Missed Opportunity: “The Great Illusion” – 2 Kings 24:6-16, 27-30; 2 Chronicles 36:9-21

Missed Opportunity: “The Great Illusion” – 2 Kings 24:6-16, 27-30; 2 Chronicles 36:9-21

In 1993 Kevin Kline and Sigourney Weaver starred in a movie called “Dave”. The movie was about a man that ran an employment office for people in the Washington DC area that happened to look just like the current President of the US. He did imitations of the President at parties until the men around the President began to use him as a decoy to help the President’s security at certain events. When the President was permanently incapacitated, those close to the seat of power decided to put Dave in as a puppet President. He eventually took the control of the Presidency to do good before being discovered…

For a while, Dave looked and acted the role of the President. For awhile he shared the meals, ceremonies and even legislative moves the President would make. Yet, he wasn’t the President. He didn’t have the powers. He was living in an illusion.

Believers can live in an illusion as well. We can live off our parent’s generational successes in our country, and stand on the freedoms they left us. We can build churches and symbolically look like we are carrying the torch of the Word. All the while, we may not be walking with God at all. We will look the part, but not HAVE the part of the obedient, Spirit-filled, god pleasing believer.

Key Principle: I must evaluate if I am really walking with God. If not, I am walking on a path to my own heartbreak.

Jehoiachin (also called Coniah or Jeconiah in Scripture) succeeded his father Jehoiakim (598/7 BCE) when eighteen years of age, and reigned as King of Judah for one hundred days (2 Chr 36:9). He was the last heir to the Judean crown installed by that kingdom’s own people. His rise is marked by three months (100 days 2 Chron. 36:9) in early December of 598 BCE to March of 597 BCE…

2 Kings 24:6 So Jehoiakim slept with his fathers, and Jehoiachin his son became king in his place. 7 The king of Egypt did not come out of his land again, for the king of Babylon had taken all that belonged to the king of Egypt from the brook of Egypt to the river Euphrates. 8 Jehoiachin was eighteen years old (2 Chronicles 36:9 includes a copyist’s error of eight years old – but 2 Kings 24:15 said he had wives, showing eighteen to be the preferred reading) when he became king, and he reigned three months in Jerusalem; and his mother’s name was Nehushta the daughter of Elnathan of Jerusalem. 9 He did evil in the sight of the LORD, according to all that his father had done.

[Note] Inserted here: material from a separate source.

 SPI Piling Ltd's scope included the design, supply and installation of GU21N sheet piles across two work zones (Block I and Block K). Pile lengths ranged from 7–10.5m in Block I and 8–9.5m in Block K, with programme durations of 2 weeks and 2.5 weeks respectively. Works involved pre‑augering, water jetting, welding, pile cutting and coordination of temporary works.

Why did Jehoiachin have confidence? It was not the time of the year when kings make war –it was the rainy season. Nebucadnezzar came from a different place, where farms were watered by rivers, not according to the rules of Judah! The point is that he thought there was TIME to secure his throne and make changes. That illusion of TIME gave him false confidence.

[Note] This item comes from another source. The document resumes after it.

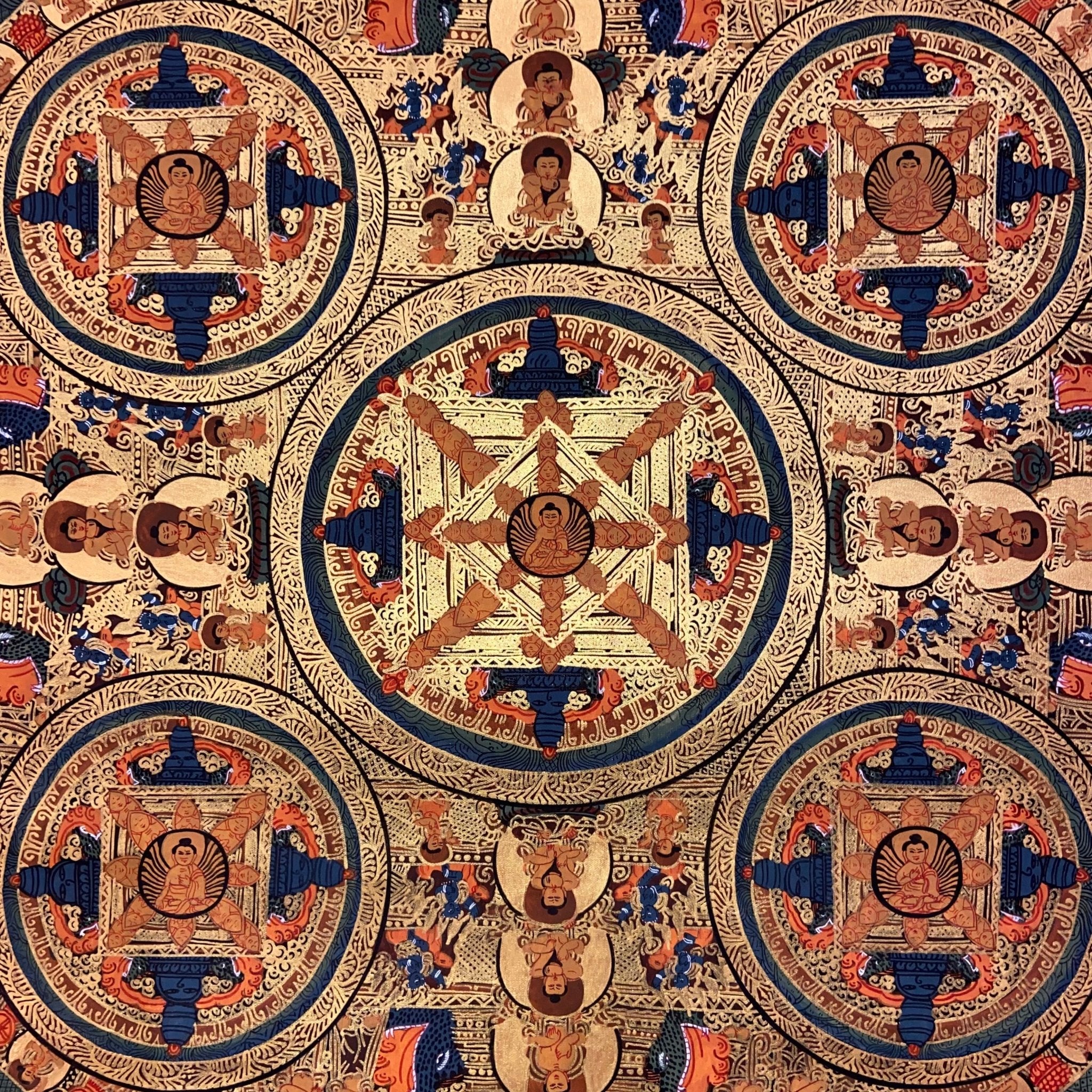 Sacred Geometry: Mandalas are a form of sacred geometry, designed to create harmonious energy in the spaces they occupy. By hanging this Five Buddha Mandala, you can invite positive energy, balance, and tranquility into your environment.

 * If I live like every day may be my last chance to serve my God, I live differently than others.

 * If I don’t assume there is more time for me to wander away or dabble in things He has convicted me of, I live differently than others.

 * If I live like His Lordship over my life matters NOW, and not just when I die, I live differently!

After about 100 days (cp. 2 Chron. 36:9) on the throne, Jerusalem fell on March 16, 597…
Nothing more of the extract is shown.